SÃO PAULO - Para consternação das companhias aéreas, a União Européia (UE) se comprometeu com a incluir o setor de aviação no Sistema de Comércio de Emissões (ETS, na sigla em inglês) a partir de 1º de janeiro de 2012. O ETS estabelece regras rígidas sobre as emissões de gases do efeito estufa e é criticado pelas companhias aéreas por ser considerado um imposto ambiental, além de um instrumento que levará à perda de competitividade no mercado internacional.

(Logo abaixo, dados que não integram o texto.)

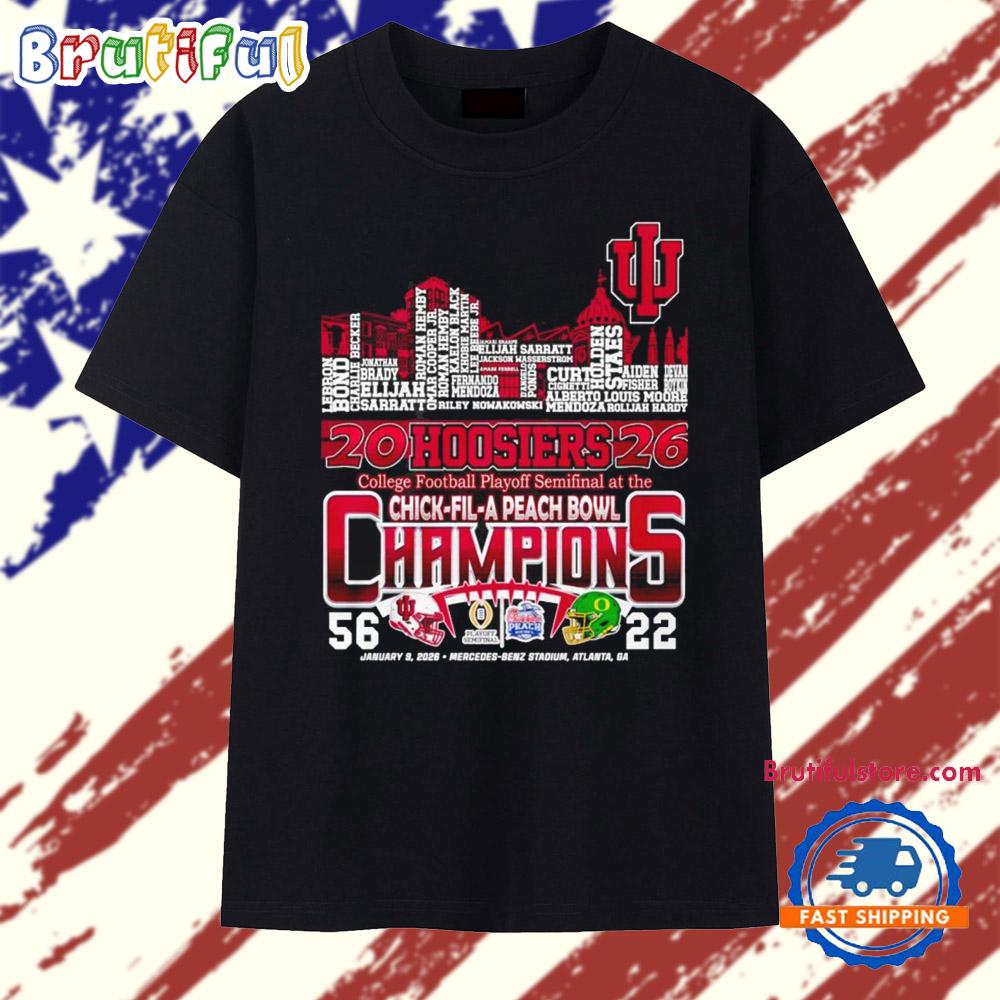 Photos Of Indiana Hoosiers Chick Fil A Peach Bowl Champions 2026 city skyline player name T Shirt

Pelas regras do ETS, todos os vôos partindo ou chegando à Europa, incluindo vôos promovidos pelo governo, serão incluídos no sistema. As emissões das companhias aéreas, deverão cair 3% a partir de 2012, na comparação com a média mundial verificada entre 2004 e 2006. Em 2013, a redução deve chegar a 5% na mesma comparação. As empresas ainda receberão gratuitamente cotas correspondentes a 85% de suas emissões, sendo que os 15% restantes serão leiloados aos interessados.

O compromisso obriga a UE a buscar um acordo sobre medidas globais para reduzir as emissões de gases do efeito estufa na aviação. Acordos bilaterais, por exemplo com os EUA, poderiam ser um primeiro passo, diz a Comissão Européia (CE), o braço executivo do bloco europeu.

Segundo as regras do ETS, os 27 países da UE terão liberdade para decidir onde aplicar os ganhos obtidos com leilões de cotas de emissão, desde que sejam aplicados em pesquisa e desenvolvimento, ações para mitigar as mudanças climáticas, ou em iniciativas relacionadas a isso.

As regras, porém, não serão aplicadas em alguns casos. Não serão incluídas no ETS: as operações de vôo realizadas com aviões com peso máximo na decolagem de menos de 5,7 toneladas; companhias aéreas com média de menos de 243 vôos a cada quatro meses; e aquelas que emitem menos de 10 mil toneladas de gases do efeito estufa por ano.

Segundo o Parlamento Europeu, de acordo com a CE, o impacto da inclusão da aviação no ETS pode levar a um aumento nos preços das passagens. O repasse total dos custos para os consumidores representará que em 2020 as passagens de ida e volta poderão subir entre 4,60 euros e 39,60 euros, dependendo da distância da viagem, anunciaram os parlamentares europeus.

A Associação de Empresas Aéreas Européias foi uma entre tantos grupos da indústria que condenaram a decisão, afirmando que ela poderá ter conseqüências muito mais sérias do que pensam os legisladores. Segundo o secretário-geral da instituição, Ulrich Schulte-Strathaus, o custo potencial para a indústria da aviação européia com a inclusão no ETS é de cerca de 5,3 bilhões por ano.

A Associação Internacional do Transporte Aéreo (Iata, na sigla em inglês), por sua vez, alertou que a abordagem unilateral da UE pode levar a batalhas jurídicas internacionais. Que direito tem a Europa de impor as penas da ETS a, por exemplo, uma companhia australiana voando da Ásia para a Europa pelas emissões sobre o Oriente Médio, disse o diretor-geral e executivo-chefe da associação, Giovanni Bisignani. Segundo ele, apenas um sistema global, apoiado pela Organização da Aviação Civil Internacional (Oaci) poderia ser bem sucedido. Pelas contas da Iata, o ETS vai elevar em 3,5 bilhões de euros os custos da indústria aérea apenas no primeiro ano de operação.